**Provided data**
_ _ _ _

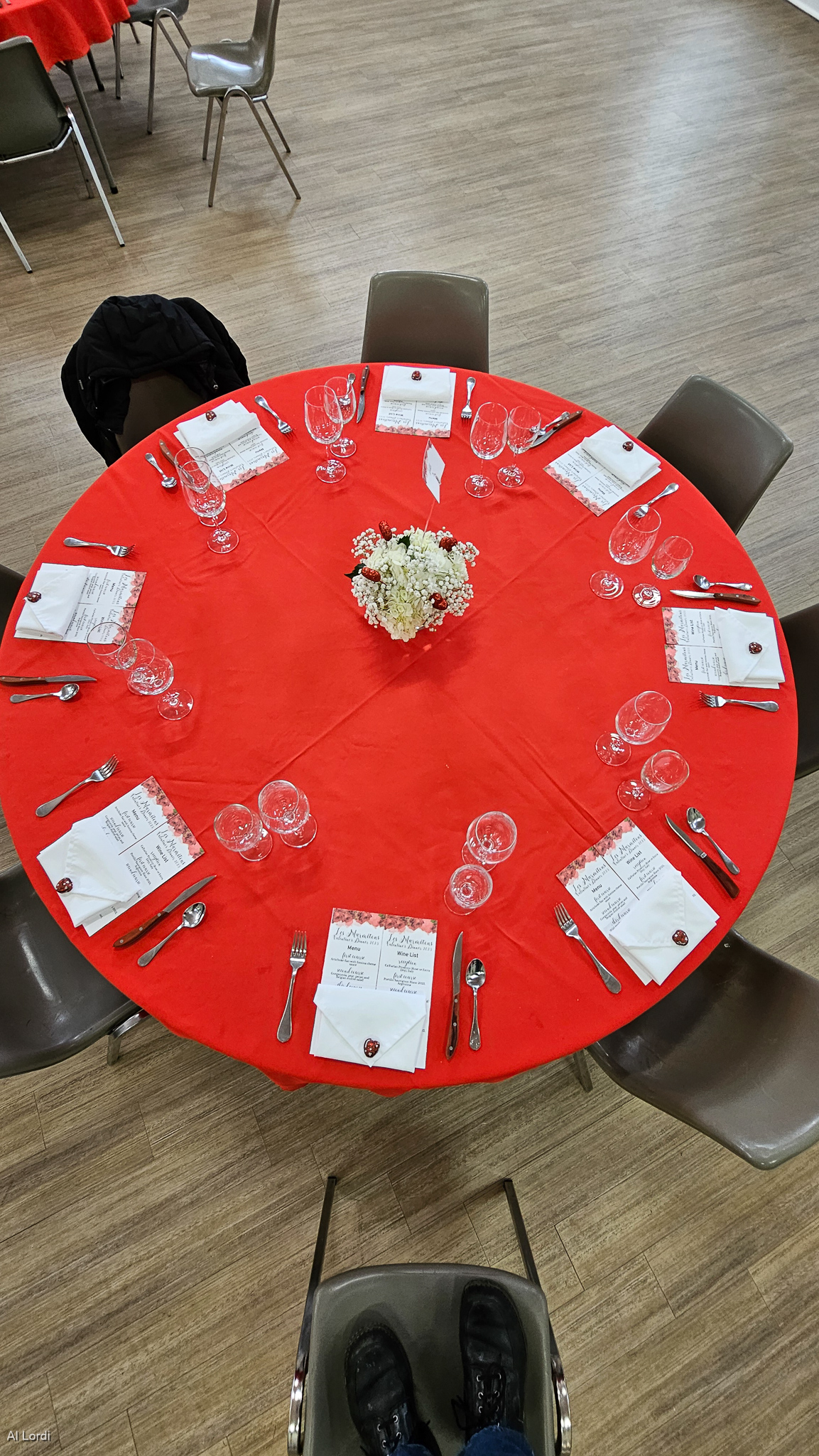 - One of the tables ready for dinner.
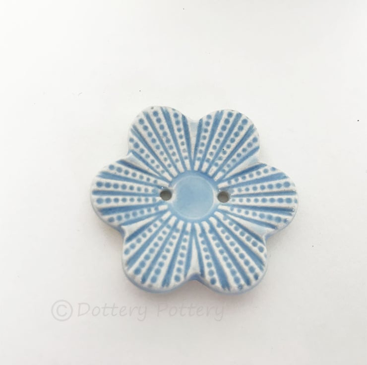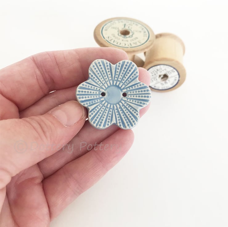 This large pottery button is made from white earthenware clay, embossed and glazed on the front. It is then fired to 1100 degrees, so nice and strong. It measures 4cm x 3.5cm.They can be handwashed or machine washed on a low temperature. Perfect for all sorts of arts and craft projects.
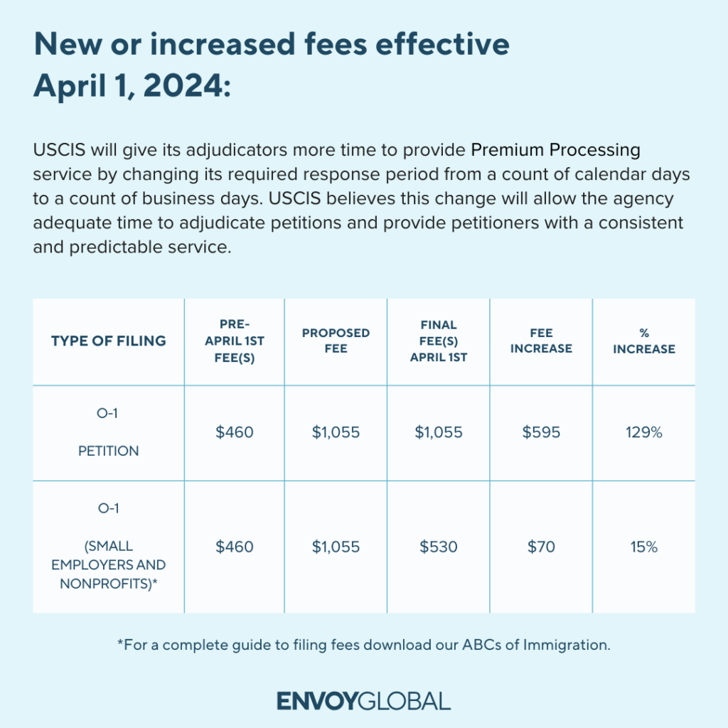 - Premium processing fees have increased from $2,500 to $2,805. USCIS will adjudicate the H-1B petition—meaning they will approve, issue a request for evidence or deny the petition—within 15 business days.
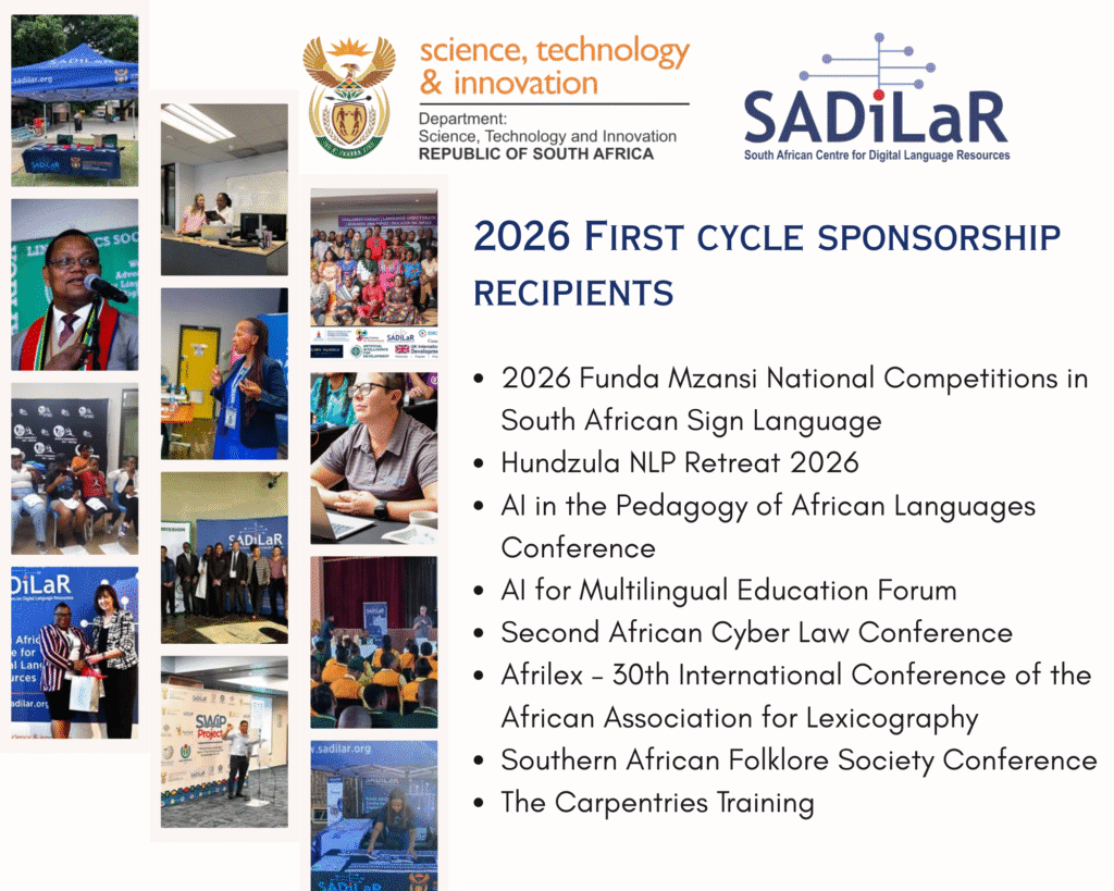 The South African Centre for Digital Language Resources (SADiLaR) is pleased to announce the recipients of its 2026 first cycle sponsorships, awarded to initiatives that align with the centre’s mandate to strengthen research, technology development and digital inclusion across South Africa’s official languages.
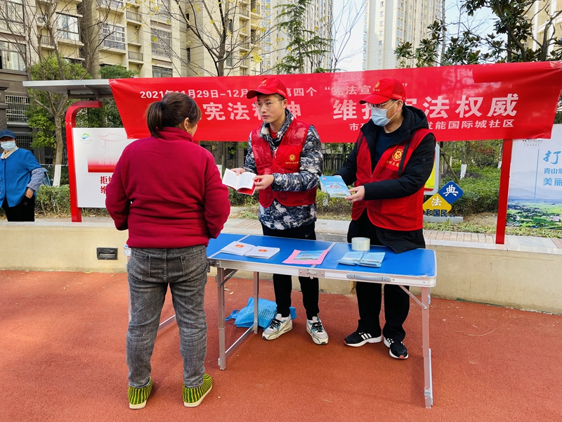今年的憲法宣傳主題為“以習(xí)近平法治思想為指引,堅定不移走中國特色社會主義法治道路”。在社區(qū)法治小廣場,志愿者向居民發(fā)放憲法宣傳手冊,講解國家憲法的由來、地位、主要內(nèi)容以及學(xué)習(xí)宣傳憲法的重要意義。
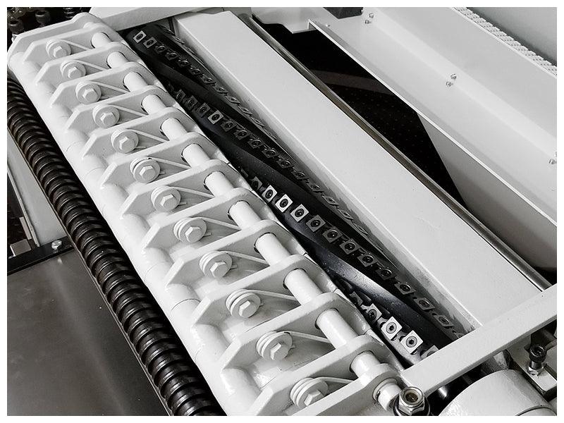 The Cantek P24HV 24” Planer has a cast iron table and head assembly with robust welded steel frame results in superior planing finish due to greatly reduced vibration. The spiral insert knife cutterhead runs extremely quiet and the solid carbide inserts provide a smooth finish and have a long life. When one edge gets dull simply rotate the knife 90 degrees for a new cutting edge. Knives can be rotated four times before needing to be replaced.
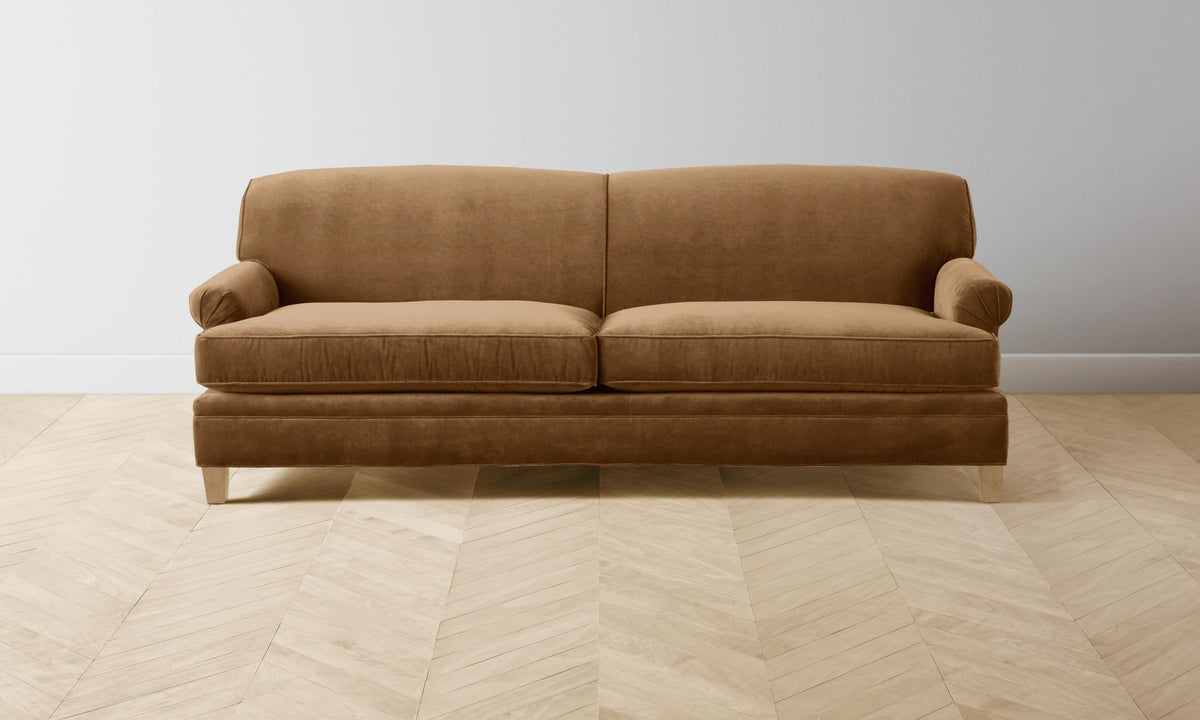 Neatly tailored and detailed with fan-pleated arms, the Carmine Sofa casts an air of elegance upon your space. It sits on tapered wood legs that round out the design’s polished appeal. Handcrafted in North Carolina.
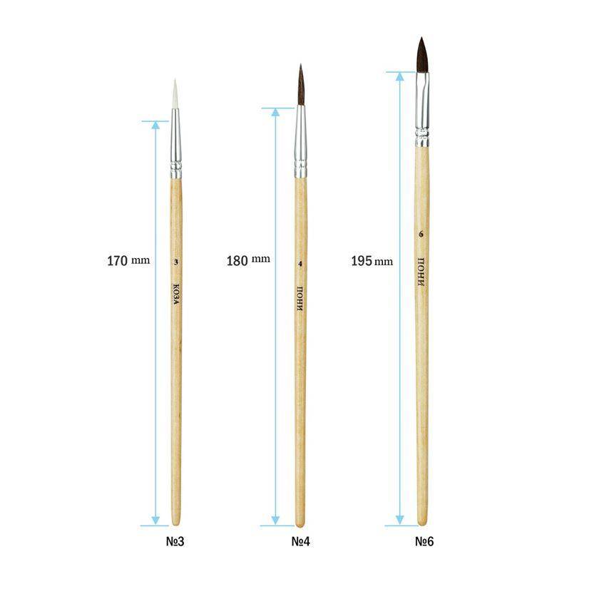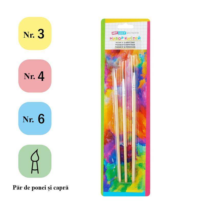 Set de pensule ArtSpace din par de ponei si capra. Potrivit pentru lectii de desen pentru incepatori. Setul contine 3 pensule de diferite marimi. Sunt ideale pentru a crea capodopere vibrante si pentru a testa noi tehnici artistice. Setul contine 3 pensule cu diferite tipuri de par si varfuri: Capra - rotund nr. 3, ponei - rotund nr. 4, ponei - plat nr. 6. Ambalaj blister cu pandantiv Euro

_ _ _ _

**Directions for this task**
From the records above, transcribe only the stretch from the line with "The South African" through the line with "Neatly tailored and", keeping both ends. Omit pictures.

**Problem solution**
 The South African Centre for Digital Language Resources (SADiLaR) is pleased to announce the recipients of its 2026 first cycle sponsorships, awarded to initiatives that align with the centre’s mandate to strengthen research, technology development and digital inclusion across South Africa’s official languages.
今年的憲法宣傳主題為“以習(xí)近平法治思想為指引,堅定不移走中國特色社會主義法治道路”。在社區(qū)法治小廣場,志愿者向居民發(fā)放憲法宣傳手冊,講解國家憲法的由來、地位、主要內(nèi)容以及學(xué)習(xí)宣傳憲法的重要意義。
 The Cantek P24HV 24” Planer has a cast iron table and head assembly with robust welded steel frame results in superior planing finish due to greatly reduced vibration. The spiral insert knife cutterhead runs extremely quiet and the solid carbide inserts provide a smooth finish and have a long life. When one edge gets dull simply rotate the knife 90 degrees for a new cutting edge. Knives can be rotated four times before needing to be replaced.
 Neatly tailored and detailed with fan-pleated arms, the Carmine Sofa casts an air of elegance upon your space. It sits on tapered wood legs that round out the design’s polished appeal. Handcrafted in North Carolina.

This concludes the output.